|
Deskripsi Pelanggaran
|
Komisi Penyiaran Indonesia Pusat (KPI Pusat) berdasarkan kewenangan menurut Undang-Undang No. 32 Tahun 2002 tentang Penyiaran (UU Penyiaran), pengaduan masyarakat, pemantauan dan hasil analisis telah menemukan pelanggaran Pedoman Perilaku Penyiaran dan Standar Program Siaran (P3 dan SPS) KPI Tahun 2012 pada Program Siaran Jurnalistik “Kabar Malam” yang ditayangkan oleh stasiun TV ONE pada tanggal 26 Februari 2016 mulai pukul 22.05 WIB.

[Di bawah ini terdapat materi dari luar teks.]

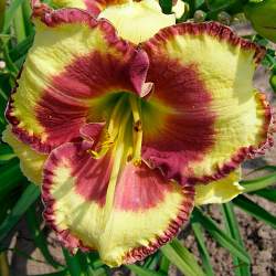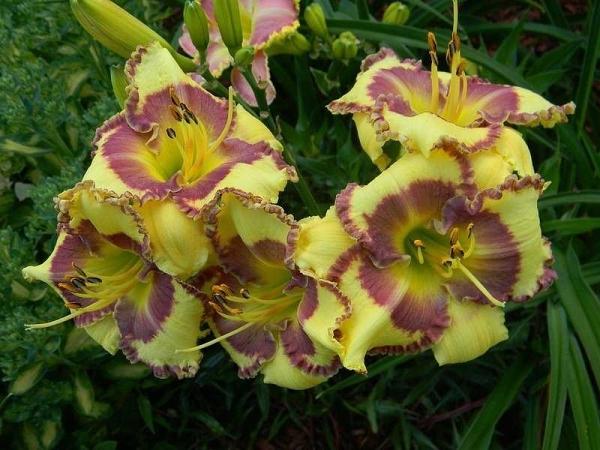 Лилейник Steve Trimmer (Стив Триммер). Цветки диаметром 13 см, светло-жёлтые с винно-пурпурным гало и такой же по цвету гофрированной каймой. Горло жёлто-зелёное. Цветение в июне-июле. Высота 70 см.

Program tersebut menayangkan wawancara dengan seorang anak dengan kondisi kepala diperban, yang menjadi korban peristiwa sekolah runtuh di Depok, sebagai berikut “…lagi di kelas? terus tau-tau gimana?”, “Langsung jatuh..”, “Atapnya lalu jatuh gitu?”, “iya”, “terus adek ngumpet dimana?”, “gak ngumpet”, “..gak sempet ngumpet? kan Ibu guru bilang ayo ngumpet dibawah, di kolong meja, gak sempet? langsung lari keluar yaa? kena apa ini tadi? genteng atau apa…”. KPI Pusat menilai muatan wawancara tersebut tidak mempertimbangkan proses pemulihan korban anak-anak yang terkena musibah. Jenis pelanggaran ini dikategorikan sebagai pelanggaran atas perlindungan anak-anak, prinsip-prinsip jurnalistik dan peliputan bencana.
KPI Pusat memutuskan bahwa program jurnalistik tersebut telah melanggar Pedoman Perilaku Penyiaran Komisi Penyiaran Indonesia Tahun 2012 Pasal 14 Ayat (2), Pasal 22 Ayat (3) dan Pasal 29 huruf a serta Standar Program Siaran Komisi Penyiaran Indonesia Tahun 2012 Pasal 15 Ayat (1), Pasal 49 dan Pasal 50 huruf c. Atas dasar tersebut, KPI Pusat menjatuhkan sanksi administratif Teguran Tertulis.
Saudara wajib menjadikan P3 dan SPS KPI Tahun 2012 sebagai acuan dalam penayangan sebuah program siaran. Demikian agar sanksi administratif teguran tertulis ini diperhatikan dan dipatuhi. Terima kasih.